Given some input FASTQ data, output summary stastistics about those reads.

phyluce_assembly_get_match_counts

Given results from phyluce_assembly_match_contigs_to_probes (below) and a configuration file, output those taxa and loci for which matches exist in the UCE database. The config file looks like:

[all]
alligator_mississippiensis
anolis_carolinensis
gallus_gallus
mus_musculus

phyluce_assembly_match_contigs_to_barcodes

Given a directory of assembled contigs and a file containing an organismal barcode in FASTA format, check the contigs of all taxa in the directory for presence of the barcode sequence, extract that region of each contig for each taxon, and run the result against the BOLD database (for each taxon). Useful for checking species ID and also searching for potential contamination.

phyluce_assembly_match_contigs_to_probes

Given a directory of assembled contigs and a file of UCE baits/probes, search the contigs for those that match part/all of a given bait/probe at some level of stringency.

phyluce_assembly_screen_probes_for_dupes

Check a probe/bait file for potential duplicate baits/probes.

Alignment

phyluce_align_add_missing_data_designators

Sometimes alignments do not contain the same taxa as other alignments, and those “missing taxa” need to be added in. This program allows you to add those missing entries for the missing taxa, although this is often not needed when using the phyluce concatenation tools (see below), which automatically deal with this problem.

phyluce_align_concatenate_alignments

Given an input file of alignments, concatenate those alignments together and output either a --nexus or a --phylip formatted file, along with charset information (either as an extra file, for phylip, or within the --nexus formatted file).
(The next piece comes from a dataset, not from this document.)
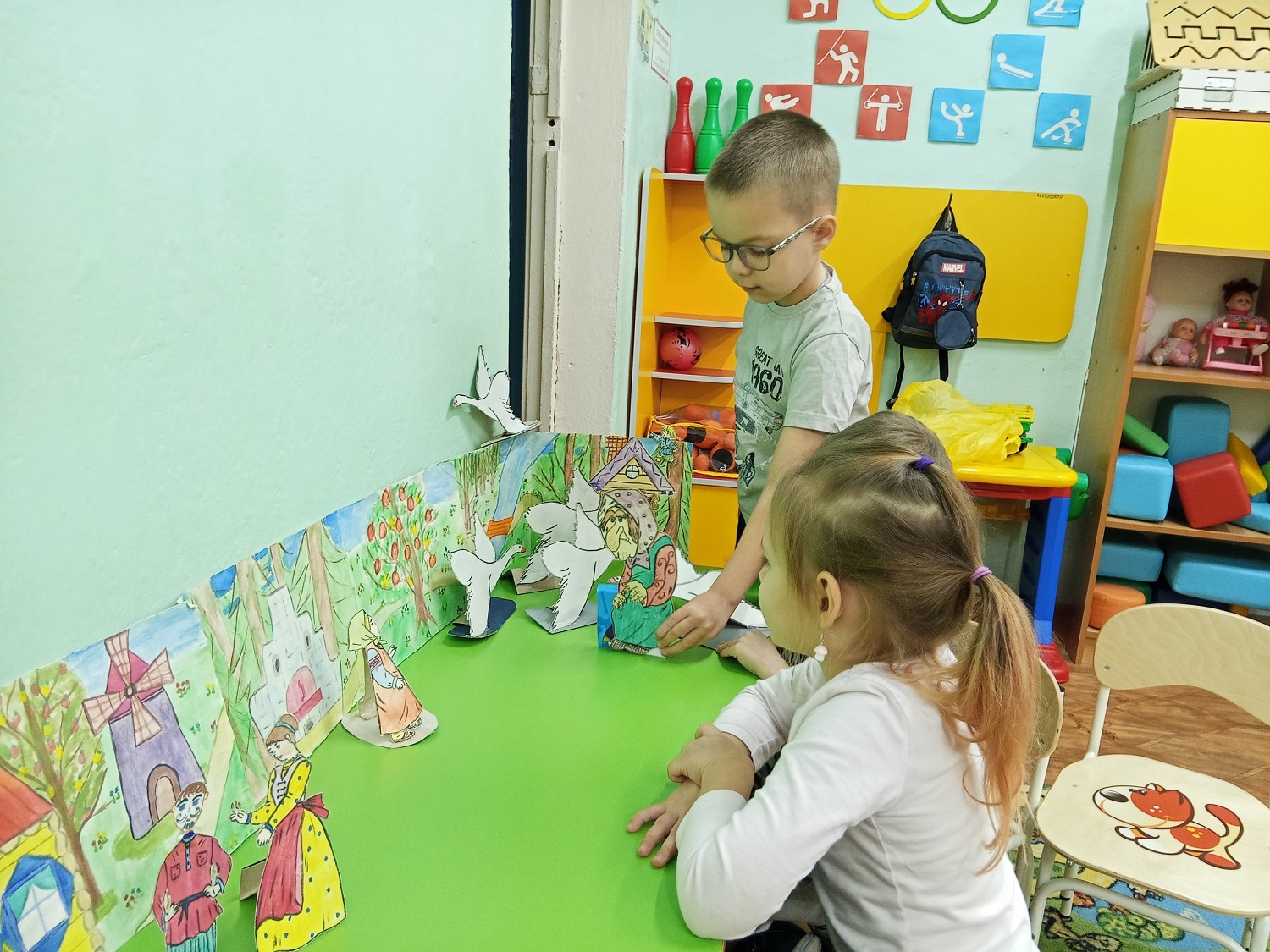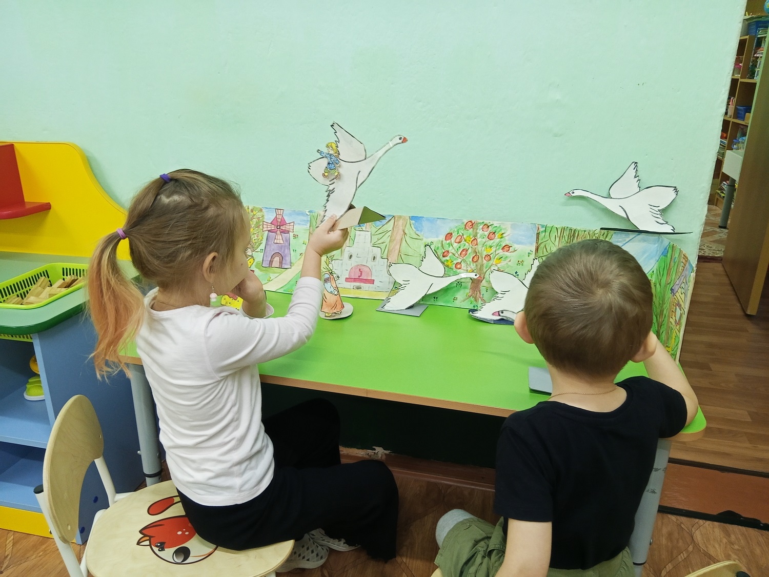 Вот и очередное занятие с воспитанниками было посвящено развитию таких способностей: используя вырезанные из бумаги изображения героев сказки «Гуси-лебеди», дети пересказывали ее содержание, сопровождая это театральными сценками.

phyluce_align_convert_degen_bases

If there are IUPAC degenerate base codes within an alignment, convert those to “N”.

phyluce_align_convert_one_align_to_another

Convert alignments between formats. Can convert freely between FASTA, Nexus, Phylip, Phylip-relaxed, Clustal, Emboss, and Stockholm.

phyluce_align_explode_alignments

Given an input directry of alignments, “explode” those files into taxon- or locus-specific sequence files.
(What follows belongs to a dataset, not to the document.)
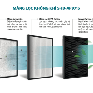 Màng lọc không khí CHÍNH HÃNG SUNHOUSE SHD-AP9715 sử dụng kết hợp giữa hệ thống màng lọc 3 lớp cao cấp gồm màng lọc sơ cấp, màng lọc carbon và màng lọc HEPA giúp tăng cường hiệu quả lọc. Nhờ thế mà đảm bảo lọc sạch được bụi bẩn, khói mùi, các tác nhân gây dị ứng và ngay cả bụi mịn PM2.5 trong nhà.

phyluce_align_extract_taxa_from_alignments

Given a set of alignments and a list of taxa to keep or remove from the alignments, make a new directory of alignments with those taxa kept or removed.

phyluce_align_extract_taxon_fasta_from_alignments

Given a set of alignments and a taxon to extract from them, extract the data for the taxon and format those data as a FASTA file.

phyluce_align_filter_alignments

Filter alignments having certain taxa or certain lengths and make a new directory without those alignments.

phyluce_align_format_concatenated_phylip_for_paml

This will convert a Phylip-formatted concatenated alignment for PAML’s weird, internal format. Not sure if PAML needs this format any longer.

phyluce_align_get_align_summary_data

Given a directory of alignments, output summary statistics for those alignments quickly.

phyluce_align_get_gblocks_trimmed_alignments_from_untrimmed

Given a directory of alignments, use gblocks to trim alignment edges and output a new folder of trimmed alignments.

phyluce_align_get_incomplete_matrix_estimates

Given a directory of alignments, estimate the number of taxa present in various incomplete matrix scenarios.

phyluce_align_get_informative_sites

Given a directory of alignments, compute the number of informative sites. Can output a list of these, which can be used for additional filtering by # of sites.

phyluce_align_get_only_loci_with_min_taxa

Given a directory of alignments, filter those alignments for a minimum number of taxa, and output the filtered alignments to a new directory.

phyluce_align_get_ry_recoded_alignments

Given a directory of alignments, recode those as either “R/Y” or “0/1” and output the converted alignments to a new directory.

phyluce_align_get_smilogram_from_alignments

Given a directory of alignments, ouput a CSV-formatted file showing the number of sites in the alignment from the center to the edges. Can be input to R to make “smilogram” figures of UCE variation.

phyluce_align_get_taxon_locus_counts_in_alignments

Given a directory of alignments, get a count of taxa in each alignment. Can be used to filter alignments based on occupancy.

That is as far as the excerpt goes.